April natural gas futures reached $10/MMBtu on Friday as many market insiders had been expecting this week, but the visit was short-lived as the prompt-month contract beat a hasty retreat. After notching a low of $9.705, April ended up closing at $9.769, up 2.7 cents from Thursday’s close and 40.3 cents higher than the previous Friday’s close.

With front-month natural gas climbing $2.03 since the beginning of February, market participants continue to debate the cause. While some point to supportive fundamentals, others blame the influx of new speculative money coming into the commodities market.

“I don’t know whether the run-up to $10 coincided with a little rally in crude or not, but we still have cold weather and below-average temperature expectations in the eight- to 14-day forecast,” said a Washington, DC-based broker. “We certainly have some fundamental support behind this move. We are working down storage supplies, and I would call the supply-demand picture pretty bullish. It is certainly less short-term bearish than it was eight months ago when we had the big storage overhang.”

He added that traders are likely to try and take advantage of the Btu price differential between natural gas and crude. April crude closed Friday at $105.15/bbl, which roughly calculates to $17.525/MMBtu, or a $7.756 premium to April natural gas futures. “You also have to remember that someone is going to redo the calculation on how many Btus you get for a contract of natural gas versus for a contract of crude oil,” the broker noted. “They are going to find that one is underpriced and one is overpriced and decide to arbitrage the difference.”

The broker added that new money is definitely coming into commodities from the equity arena, but he does not believe it is in bubble mode. “There is still more room for money to flow into the commodity indexes. I don’t think we are in the bubble mentality yet.”

While front-month futures soared above resistance at $9.820, the broker said the key point on the day is that the market did not settle above it. “I would say right now we are in a moderate uptrend, not a hyperbolic uptrend. We might be ready for a little pullback down to the trendline before another rally that might take us convincingly through $9.820. That is our first number to get through, and I think it will happen because this move up has not felt labored yet. If we get above $9.820, $10.350 is one of our technical objectives, followed by $11.600. We do think this is probably the last part of the advance that we have been in since late August 2007. When this completes, whether it be at $9.820, $10.350 or $11.600, we expect a more significant setback, which will be more than a correction in a bear market. First things first, we have to find the top.”
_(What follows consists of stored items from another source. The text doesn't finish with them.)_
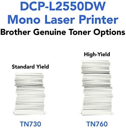 The Brother DCP L2550DW is the ideal choice for the busy home or small office looking for a fast, reliable multi function copier. A replacement for the dependable DCP L2540DW, this new and improved multiple use copier includes a 50 sheet automatic document feeder, which allows multi page copying and scanning, and class leading print speeds of up to 36 pages per minute for increased efficiency. This printer and copier has a reliable Wi Fi connection, which allows printing from wireless devices including desktops, smartphones, laptops, and tablets. For those who prefer hardwire connections, there’s an Ethernet interface for sharing with multiple users on your network. You can also connect locally to a single computer via USB interface. Operating Environment: Temperature 50-91°F. Speed and efficiency are trademarks of the new Brother DCP L2550DW multi purpose digital copier. The 250 sheet paper tray handles letter and legal sized paper, reducing the need for refills. Automatic duplex (2 sided) printing also saves paper and creates professional looking documents for presentations, newsletters, and other common office needs. Help to save money by using Brother Genuine high yield replacement cartridges (TN 760), which are available through Amazon (also compatible with TN 730 replacement toner cartridge). The Brother Digital Multi Purpose Copier comes with a one year limited warranty and free at your side support, online or via phone or live chat, for the life of your printer. At Brother, we want to ensure that your experience with us is exceptional. If your home or small office is looking for an efficient and user friendly digital copier, add the Brother DCP L2550DW to your Amazon shopping cart today. (1) Based on competing in class monochrome laser multifunction printers under 300 dollars. Print speed specifications gathered from manufacturer websites as of 1/9/2017.(2) Requires connection to a wireless network.(3) TN 760 High Yield vs. TN 730 Standard Yield. Up to two times more prints and lower printing costs based on yields and MSRP. Standard Yield and High yield cartridges sold separately.(4) Approx. toner cartridge yield in accordance with ISO/IEC 19752 (letter/A4).(5) Reprinted from PCMag with permission. Copyright 2017 Ziff Davis, All Rights Reserved.(6) Approx. 300 pages per month in accordance with ISO/IEC 19752 (Letter/A4) using the 2 toners provided in box.(7) The mobile device must have NFC capability and run Android OS 4.4 or later.
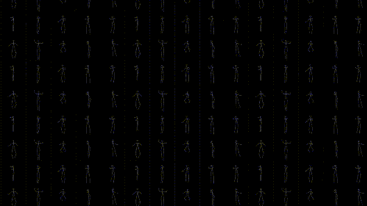 这总共产生了30个潜在的编排序列,目前持续时间约10秒,并使用类似的"骨架" 视觉显示在计算机屏幕上,McGregor会选择他想用哪一个序列。Henry说:“接下来,无论舞蹈演员跳什么,都可以再次录制,重新输入机器。”
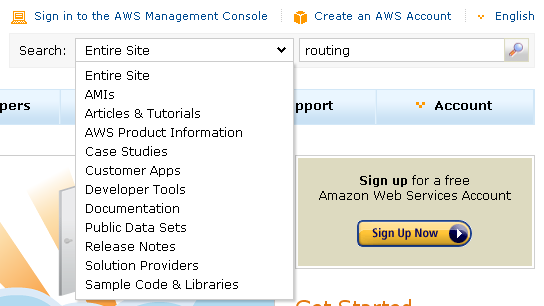 The portal’s brand-new search function is contextual and faceted. You can choose to search the entire AWS site or you can limit your search to just one area using the Search menu:
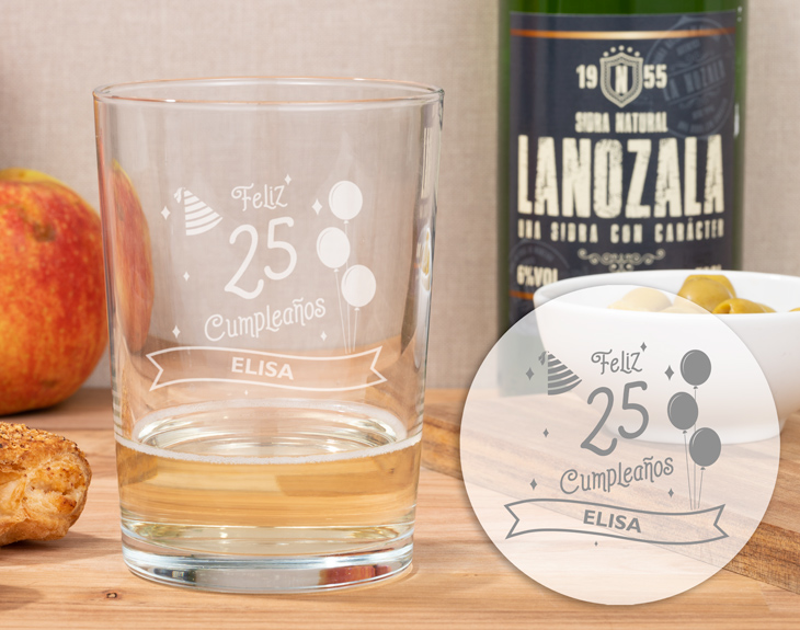 Se acerca ese día, el cumpleaños de ese amigo o amiga tan especial y no tienes ni idea de que regalar. Nosotros te damos esta gran idea, un vaso de sidra con un diseño original y personalizado para desearle lo mejor en su día. En este vaso de sidra personalizado ponemos los años que cumple y su nombre para que se sienta todavía mucho más especial. El cristal de este vaso es muy fino para que cuando escancie la sidra, rompa y se disfrute de la sidra como de verdad se merece. ¿No crees que es un regalo genial? ¡Seguro que le va a encantar!

Going into Friday’s session, technicians and analysts were seeing both a strong fundamental and technical undertone to the market. “To begin the week, we were expecting an immediate rally to our $10.200 to $10.400 resistance zone or a failure near $9.870 leading to a few weeks of congestion,” said Walter Zimmerman of United Energy. He conceded the bearish argument that might consider the April contract’s failure to breach $9.876 as “failing at resistance,” but Zimmerman still sees the bullish case intact. Unless spot futures can “manage a 40-cent decline,” the weekly candlestick pattern indicating a market top will not be confirmed.

Those who closely analyze supply-demand figures also see prices advancing. “We still view the ongoing dynamic of a major contraction in the supply surplus as capable of supporting the front of the curve despite this late stage of the heating cycle,” said Jim Ritterbusch of Ritterbusch and Associates. He noted that Thursday’s release of inventory figures showing a somewhat-below-expectations 135 Bcf withdrawal may have dampened buying, but “the supply excess against five-year average levels has shrunk to a mere 63 Bcf and an erasure of this remaining surplus is looking increasingly likely by month’s end.

“All factors considered, we expect further price strength while also suggesting that some late-winter cold temperature updates may be required to push values appreciably higher at the start of [the coming] week,” he said in a note to clients.